● WHAT TO DO:
The lines from the beginning of the records below through the one holding "Table image - 1" are to be copied exactly; leave the pictures out.

┄┄┄┄┄┄┄┄┄┄┄┄┄┄┄┄┄┄┄┄

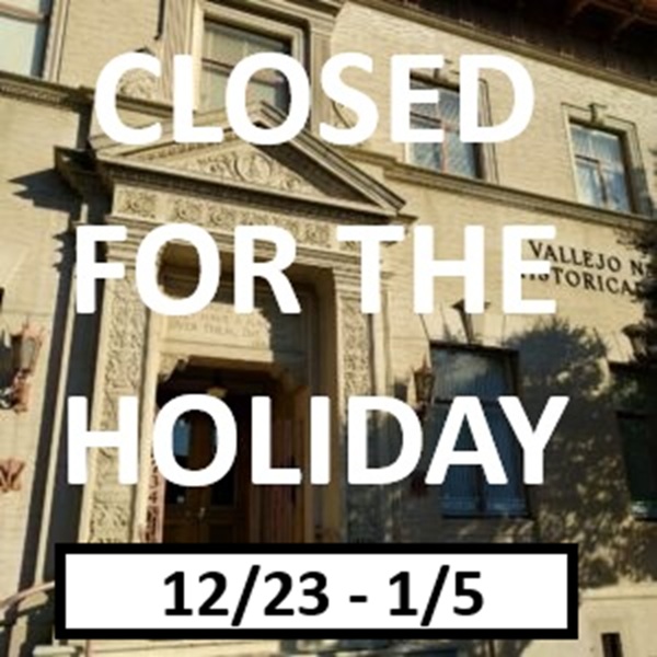 Vallejo Naval and Historical Museum 734 Marin Street, Vallejo, CA, United StatesTHE VALLEJO MUSEUM WILL BE CLOSED TO THE PUBLIC DURING THE HOLIDAYS! Dec. 23 - Jan. 5 WE WILL REOPEN TO THE PUBLIC ON TUESDAY January 6th. THANK YOU!
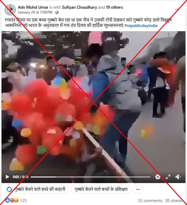 फ़ेसबुक पर 26 जनवरी, 2026 को शेयर किये गए वीडियो का कैप्शन है, "गणतंत्र दिवस पर एक बच्चा गुब्बारे बेच रहा था एक नीच ने उसकी टोपी देखकर सारे गुब्बारे फोड़ डाले."
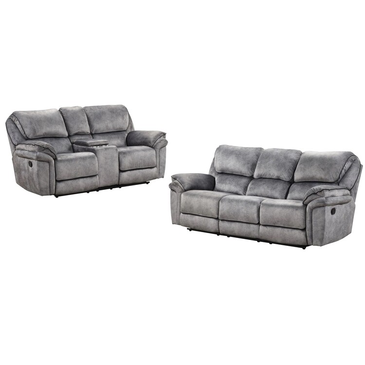 • Benjara Arisa Sofa and Loveseat Manual Recliner Set, Gray Faux Leather, Drop Table image - 1
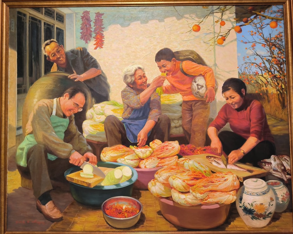 Выставка искусства КНДР в музее Декоративно-прикладного искусства.Смешанное чувство. С одной стороны - великолепная техника работ, особенно в традиционной технике - вышивки, тушь по бумаге, напыление драгоценными камнями и тут же гипер реализм. Слишком уж они все улыбаются. И слишком сделан акцент на образ врага и военную мощь.
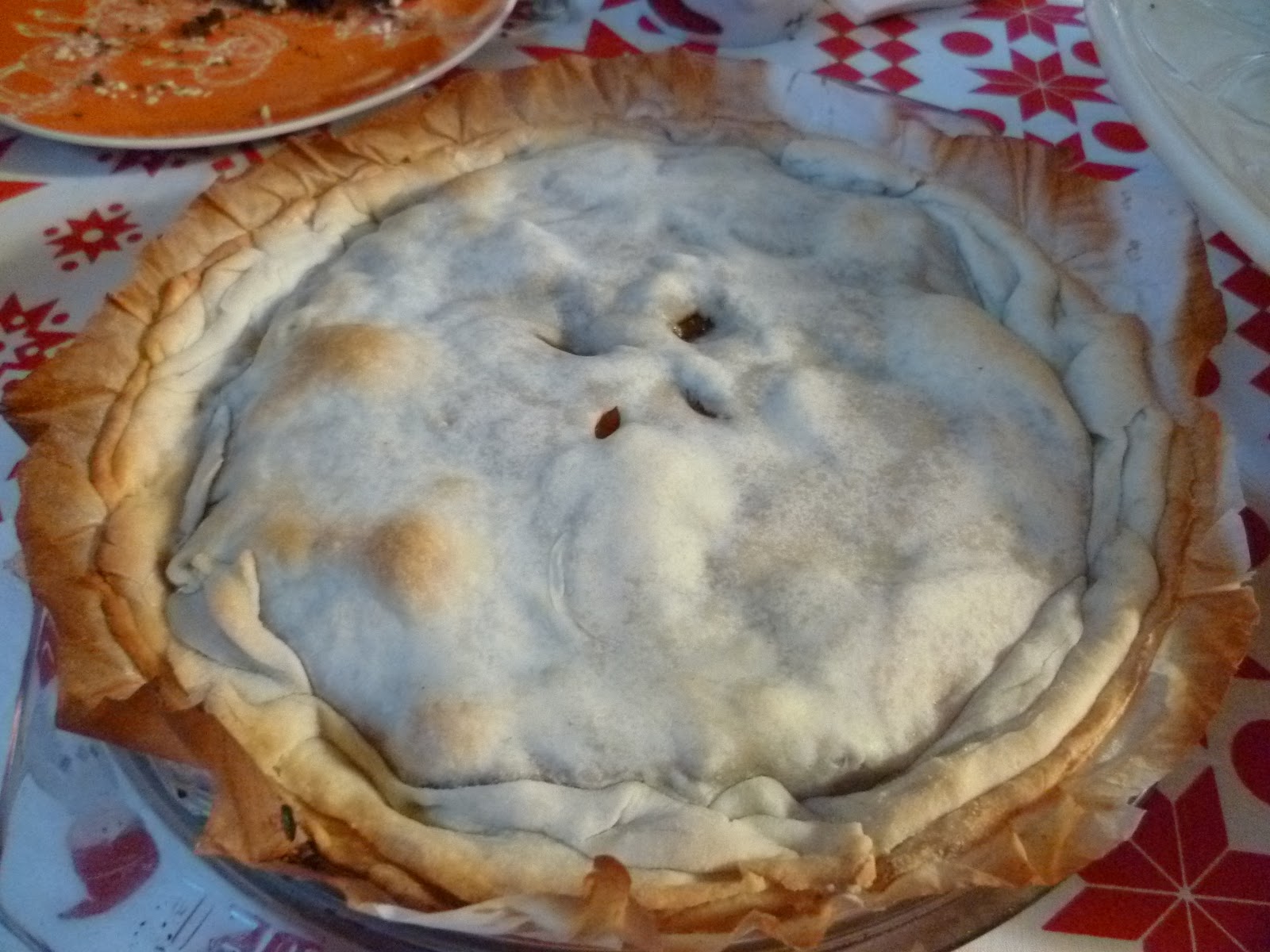 – refermer la tourte avec le couvercle de pâte , créer 4 petites fentes sur le dessus et faire cuire 30- 35 minutes au four .

┄┄┄┄┄┄┄┄┄┄┄┄┄┄┄┄┄┄┄┄

● RESULT:
 Vallejo Naval and Historical Museum 734 Marin Street, Vallejo, CA, United StatesTHE VALLEJO MUSEUM WILL BE CLOSED TO THE PUBLIC DURING THE HOLIDAYS! Dec. 23 - Jan. 5 WE WILL REOPEN TO THE PUBLIC ON TUESDAY January 6th. THANK YOU!
 फ़ेसबुक पर 26 जनवरी, 2026 को शेयर किये गए वीडियो का कैप्शन है, "गणतंत्र दिवस पर एक बच्चा गुब्बारे बेच रहा था एक नीच ने उसकी टोपी देखकर सारे गुब्बारे फोड़ डाले."
 • Benjara Arisa Sofa and Loveseat Manual Recliner Set, Gray Faux Leather, Drop Table image - 1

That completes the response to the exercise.